On the server, I checked the UDP socket buffer size using ndd
(this
was under Solaris. For AIX the command is no
and for Linux the command
is sysctl
).
The following code was added to the socket initialize (minus the error
handling) to ensure that the socket buffers were large enough.

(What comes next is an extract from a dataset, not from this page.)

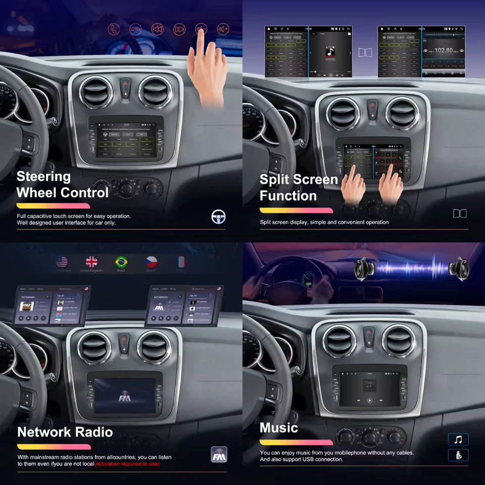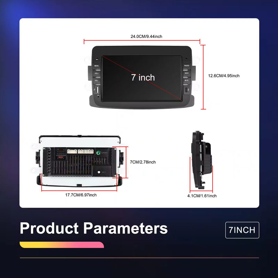 Estéreo para Auto Android de 7 Pulgadas Podofo 2+64GB, CarPlay Inalámbrico, Android Auto, Compatible con Renault Dacia Logan Duster Captur, GPS, WiFi

unsigned size = 1024 * 1024; // 1MB
int ret = setsockopt(desc, SOL_SOCKET, SO_SNDBUF, &size, sizeof(size));
ret = setsockopt(desc, SOL_SOCKET, SO_RCVBUF, &size, sizeof(size));
Now that the application was performing acceptably I decided to run it
under the profiler. This turned up the function which was adding
responses to the in-memory packet. It turned out that as responses were
being added to the packet, the headers were being recalculated each
time. I removed this unnecessary work and only made the calculations
right before the packet was sent. This improved performance a few
percentage points more.
By binding the network interrupts to a particular core and keeping the
sending thread off of that core we were able to eek out additional
performance from the application. To accomplish this, the application
allows the operator to specify which core(s) it should bind to using
sched_setaffinity
(Linux) and processor_bind
(Solaris). You can also
accomplish this using taskset
(Linux) and pbind (Solaris) if you don’t
wish to modify your application.
Looking at the network traffic with tcpdump, I saw that I could fit an
additional response in the response bundle packet if I reduced or
removed some of the items in the packet header. At this point the
analysis and tuning had gone on for a few weeks and we had a schedule to
meet. Since the performance was where we needed it, the application was
wrapped up and sent to quality assurance.
The single most important lesson I learned from this exercise was to use
non-blocking sockets to their fullest by continually calling
recv
/send
until the call would block and then using select
to idle
the process until there is work to do.